Bacterial production in the surface waters of subarctic
ponds was lower (476 ± 76 pmol leucineL–1h–1, n = 13;
Table 2), but not significantly different (t test, p = 0.080)
from the production in bottom waters (757 ± 503 pmol
leucineL–1h–1, n = 4). Results from size fractionation
showed that 82% (BGR1) and 56% (BGR5) of bacterial 3Hleucine
uptake
was
associated
with
suspended
particles >3 mm. The bacterial community in the two BGR
ponds responded differently to carbon and phosphorus additions (Fig. 5). In pond BGR1, both carbon and phosphorus
were limiting (one-way ANOVA, p < 0.001; Tukey, p <
0.002 for CP+ compared with other treatments), whereas in
BGR5, carbon was the only limiting factor (one-way
ANOVA, p < 0.001; Tukey, p < 0.001 for all comparisons
except between CP+ and C+). In pond BGR1, bacterial activity increased by 2.6-fold in the CP+ treatment compared
with the control, where there was a twofold increase in both
C+ and CP+ treatments in pond BGR5.
DOM characterization
Pond DOM properties (DOC, a320, FI, HI) are shown in
Table 1. DOC presented a wide range of values and was significantly higher in arctic ponds than in subarctic ponds
(means of 12.0 mgL–1 and 8.8 mgL–1, respectively; p =
0.028 for t test on square-root-transformed data). The specific absorption (defined as a320 per unit DOC) also varied
widely (0.9–7.0 Lm–1(mg DOC)–1) and was lower in the
arctic ponds (average of 3.2 Lm–1(mg DOC)–1 compared
with 4.0 Lm–1(mg DOC)–1 in subarctic ponds). The FI values varied from 1.12 to 1.36 at the surface of thaw ponds,
which are below the range published by McKnight et al.
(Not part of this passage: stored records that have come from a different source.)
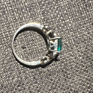 Silver tone. No markings. Center stone looks like an aquamarine.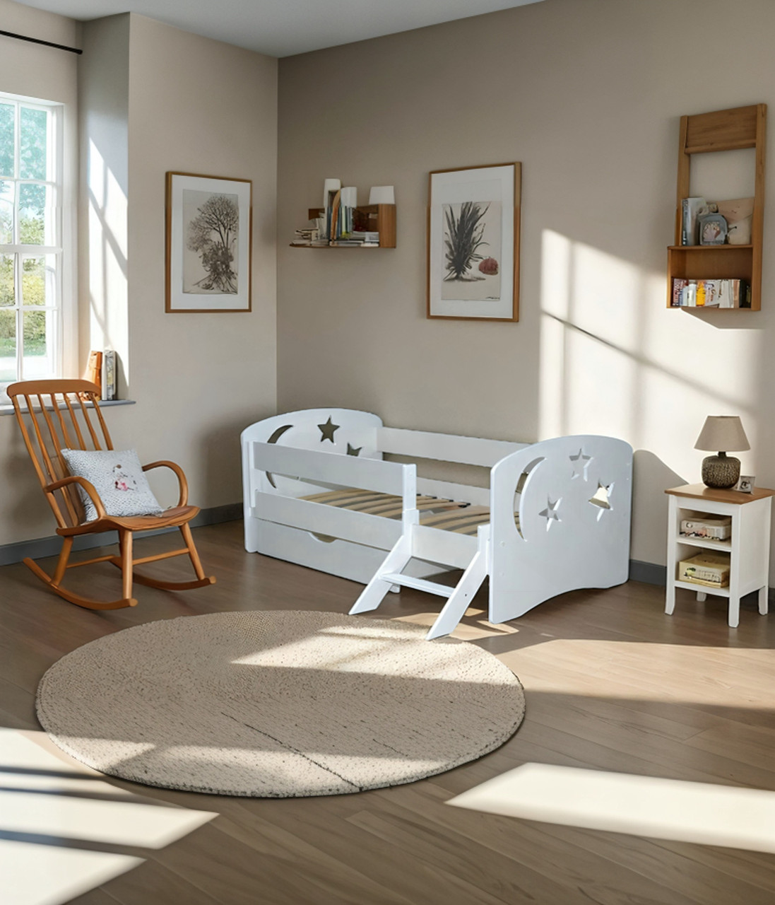 Оптимальная высота спального места от пола разработана для удобства и безопасности вашего ребенка. Съемный защитный бортик убережет ребенка от падения с кровати во время сна. Вместительный ящик станет дополнительным местом для хранения белья.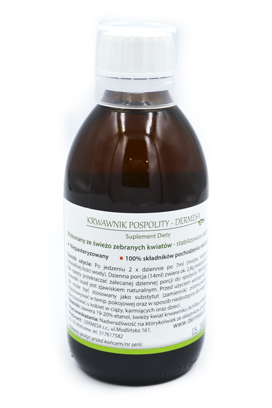 Krwawnik Pospolity 250ml. Wykonany ze świeżo zebranych kwiatów, niepasteryzowany. Stabilizowany alkoholem. Zawiera 19-20% etanol, świeże kwiaty krwawnika (Achillea millefolium L., flos)

(2001) but are still within the range reported in the literature
for terrestrial reference fulvic acids (1.15–1.40; see
Schwede-Thomas et al. (2005) and references therein). Differences observed between studies can be attributed to the
unique optical design and light source of instruments (e.g.,
Schwede-Thomas et al. (2005) observed up to 0.26 unit differences between spectrofluorometers).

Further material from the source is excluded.